If the management allowed the employee to work during illness, often Employees write a job application of the following type:

“Due to the deterioration of my health, I was issued a sick leave sheet No. ... for the period from 04/05/2017 to 04/13/2017. In fact, I was present at work on April 7, 8, 10, 2017.

Please consider these 3 days as working days and charge for them based on the salary. I ask you to consider the remaining days as sick days and pay benefits, according to the disability certificate.

This statement can be considered an additional document, because according to Article 100 of the Labor Code of the Russian Federation, the internal labor regulations, as well as paragraph 3 of Article 37 of the Constitution of the Russian Federation, the very fact of labor activity is considered the basis for calculating and paying wages.

IMPORTANT! When making a report card, turnouts mark the days of going to work, the rest of the days - days of sick leave. The sick leave notes the days of absence due to illness.

In cases where the days of going to work were dispersed throughout the entire sick leave period, in addition to the sheet, in the calculation of benefits, it is necessary to explain for which specific days it is necessary to make an accrual.

Such payments are considered reasonable, as they are used to pay for work, so there should not be any difficulties with inclusion in tax expenses.

What to do if an employee left the sheet ahead of schedule?

According to the law, only the attending physician can close the sick leave before the due date. based on the health status of the patient.

If an employee, due to various circumstances, is forced to go to work a day before the closing of the sick leave, the employer may recognize the reason for leaving as valid and not launch a legal mechanism to reduce benefits. In agreement with the management, the employee can write a statement of this kind:

“Having a certificate of incapacity for work No. ..., for the period from 25.03 to 5.04, in fact, I started work on 4.04. In connection with this situation, I ask you to consider 4.04 as a working day.

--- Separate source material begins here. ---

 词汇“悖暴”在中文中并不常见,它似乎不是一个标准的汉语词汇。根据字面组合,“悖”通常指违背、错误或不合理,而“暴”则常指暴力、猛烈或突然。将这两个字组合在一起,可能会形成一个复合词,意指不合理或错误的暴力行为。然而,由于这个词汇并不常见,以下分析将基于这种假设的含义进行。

In the report card, put down the appearance of the employee on that day, and in the disability certificate in the column “Benefit due for the period: ...” do not include the dates 4.04 and 5.04 for the payment of benefits.

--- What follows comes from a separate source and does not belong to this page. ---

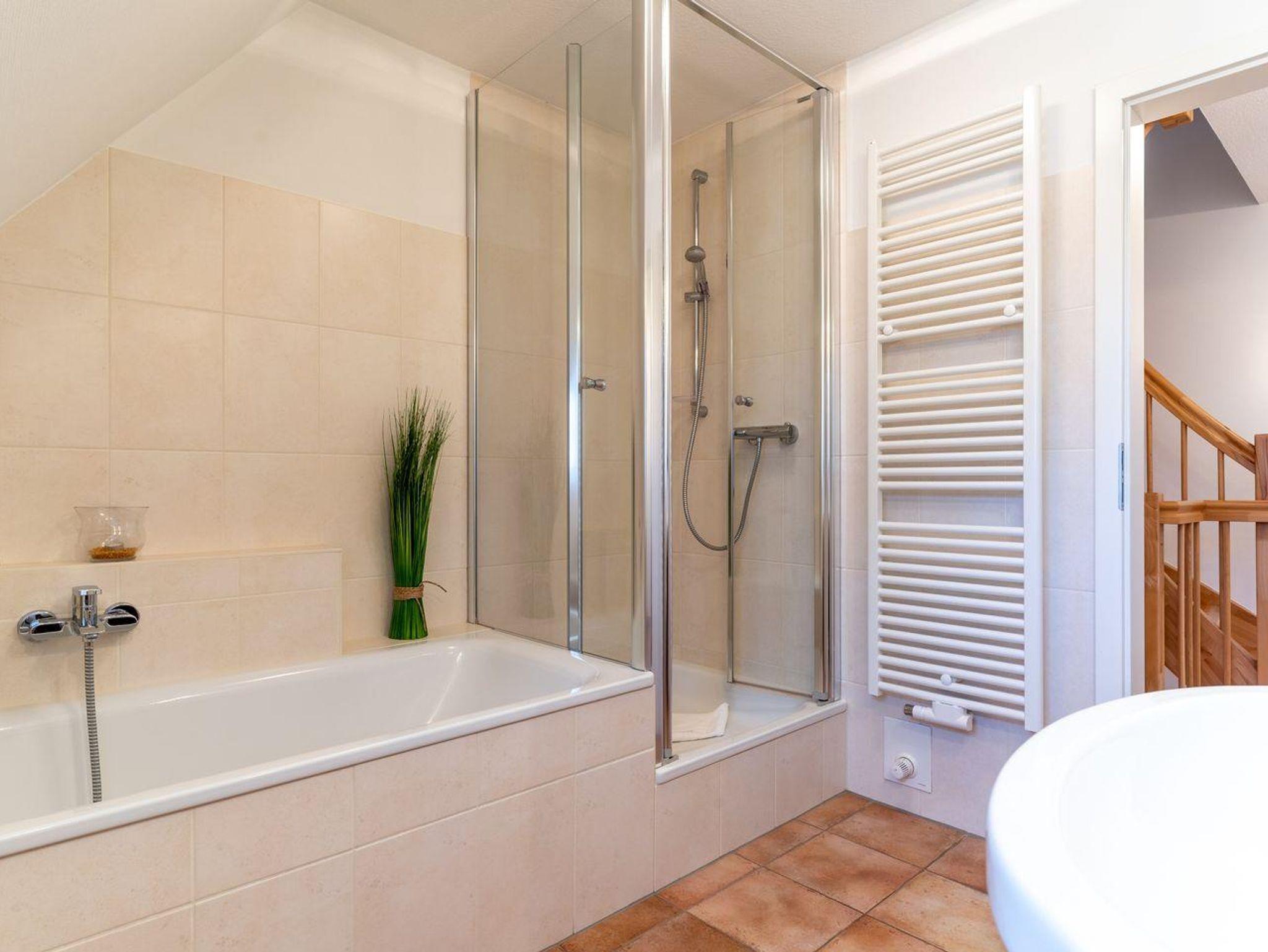 Besonders angenehm ist, dass das Haus über zwei moderne Bäder verfügt: Ein Vollbad mit Handtuchheizung und ein weiteres Bad mit ebenerdiger Dusche. Im Erdgeschoss finden Sie zudem einen umfangreich ausgestatteten Hauswirtschaftsraum, der keine Wünsche offen lässt.

What if the boss makes you work during treatment?

Obviously, it is impossible to force an employee to go to work from a sick leave (Article 5.27 of the Code of Administrative Offenses of the Russian Federation). In the event of disputes in the field of coercion to work, a worker who is undergoing treatment may apply to the labor inspectorate with a statement (complaint), which may lead to further penalties on the employer.

Many are afraid of possible dismissal if they refuse to go to work, but even here the law is in favor of the sick person. says that it is impossible to dismiss an employee during a period of temporary incapacity for work. Forcing the employer to sign the employee's letter of resignation, in this case, may serve as an appeal to the prosecutor's office.

If the manager's call was more of an informal request, backed up by the promise of rewards, employees sometimes go to work. As a reward, the employer may provide a bonus or time off.

Conclusion

Do not forget that going to work during treatment is considered non-compliance with the treatment regimen and is illegal under the labor code. Therefore, it can lead to certain problems for both the employee and the employer.

Therefore, the best solution for an employee during sick leave is to stay at home until he is fully recovered and get back to work with renewed vigor.